- _AIM OF THE TASK_
From the records below, copy out exactly the lines from the one containing "Теплая хлопковая пижама" to the one containing "Различные виды эхеверии, сочные", both included. Add nothing else.

- _EXTRACTED INFORMATION_
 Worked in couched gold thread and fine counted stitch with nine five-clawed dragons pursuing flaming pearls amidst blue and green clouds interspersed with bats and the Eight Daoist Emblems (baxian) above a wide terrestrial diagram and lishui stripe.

==

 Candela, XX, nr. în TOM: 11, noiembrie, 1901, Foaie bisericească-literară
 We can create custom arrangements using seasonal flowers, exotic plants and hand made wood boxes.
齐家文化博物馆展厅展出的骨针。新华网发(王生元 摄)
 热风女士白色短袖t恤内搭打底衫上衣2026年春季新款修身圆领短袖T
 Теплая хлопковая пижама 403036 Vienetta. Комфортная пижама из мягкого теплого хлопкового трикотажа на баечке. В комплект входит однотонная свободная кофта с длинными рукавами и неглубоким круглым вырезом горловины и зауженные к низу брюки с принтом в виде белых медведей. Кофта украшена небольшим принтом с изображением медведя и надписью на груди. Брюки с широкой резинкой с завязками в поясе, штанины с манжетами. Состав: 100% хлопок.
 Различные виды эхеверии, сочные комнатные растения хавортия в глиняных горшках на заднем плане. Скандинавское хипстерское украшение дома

- _ANSWER TO THIS PROBLEM_
 Теплая хлопковая пижама 403036 Vienetta. Комфортная пижама из мягкого теплого хлопкового трикотажа на баечке. В комплект входит однотонная свободная кофта с длинными рукавами и неглубоким круглым вырезом горловины и зауженные к низу брюки с принтом в виде белых медведей. Кофта украшена небольшим принтом с изображением медведя и надписью на груди. Брюки с широкой резинкой с завязками в поясе, штанины с манжетами. Состав: 100% хлопок.
 Различные виды эхеверии, сочные комнатные растения хавортия в глиняных горшках на заднем плане. Скандинавское хипстерское украшение дома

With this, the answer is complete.